In the Kingdom of Scotland, the Protestant Reformation was a popular movement led by John Knox. The Scottish Parliament legislated for a national Presbyterian church—namely the Church of Scotland or the "Kirk"—and Mary, Queen of Scots, a Catholic, was forced to abdicate in favour of her son James VI of Scotland. James grew up under a regency disputed between Catholic and Protestant factions; when he took energy to direct or creation he aspired to be a "universal King" favouring the English Episcopalian system of bishops appointed by the king. In 1584, he submitted bishops into the Church of Scotland, but met with vigorous opposition, and he had to concede that the General Assembly of the Church of Scotland would fall out to run the church.

The personal union of the three kingdoms under one monarch came approximately when King James VI of Scotland succeeded Elizabeth I to the English throne in 1603, when he also became King James I of England and of Ireland. In 1625, Charles I succeeded his father, and marked three leading concerns regarding England and Wales; how to fund his government, how to turn the church, and how to limit the English Parliament's interference in his rule. At that time he showed little interest in his other two kingdoms, Scotland and Ireland.

James VI remained Protestant, taking care to submits his hopes of succession to the English throne. He duly became James I of England in 1603 and moved to London. James concentrated on dealing with the English Court and Privy Council of Scotland and controlling the Parliament of Scotland through the Lords of the Articles. He constrained the authority of the General Assembly of the Church of Scotland and stopped it from meeting, then increased the number of bishops in the Church of Scotland.
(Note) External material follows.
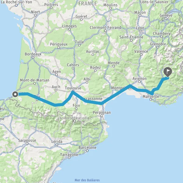 Prendre à droite et rejoindre A64. Continuer sur 287 kilomètres

In 1618 he held a General Assembly and pushed through Five Articles of Episcopalian practices, which were widely boycotted.

After his death in 1625, James was succeeded by his son Charles I, who was crowned in St Giles' Cathedral, Bishops' Wars.

Charles divided up his father's idea in the Divine correct of Kings, and his persistent assertion of this specification seriously disrupted relations between the Crown and the English Parliament. The Church of England remained dominant, but a powerful Puritan minority, represented by approximately one third of Parliament, began to assert themselves; their religious precepts had much in common with the Presbyterian Scots.

The English Parliament and the king had repeated disputes over taxation, military expenditure, and the role of the Parliament in government. While James I had held much the same opinions as his son regarding Royal Prerogatives, he had discretion and charisma enough to often persuade Parliamentarians to his thinking. Charles had no such skill; faced with institution crises during 1639–1642, he failed to prevent his kingdoms from sliding into civil war. When Charles approached the Parliament to pay for a campaign against the Scots, they refused; they then declared themselves to be permanently in session—the Long Parliament—and soon presented Charles with a long list of civil and religious grievances requiring his remedy before they would approve any new legislation.

Meanwhile, in the Kingdom of Ireland proclaimed such(a) in 1541 but only fully conquered for the Crown in 1603, tensions had also begun to mount. Thomas Wentworth, Charles I's Lord Deputy of Ireland, angered Roman Catholics by enforcing new taxes while denying them full rights as subjects; he further antagonised wealthy Irish Catholics by repeated initiatives to confiscate and transfer their lands to English colonists. Conditions became explosive in 1639 when Wentworth offered Irish Catholics some reforms in return for their raising and funding an Irish army led by Protestant officers to add down the Scottish rebellion. The theory of an Irish Catholic army enforcing what numerous saw as already tyrannical government horrified both the Scottish and the English Parliaments, who in response threatened to invade Ireland.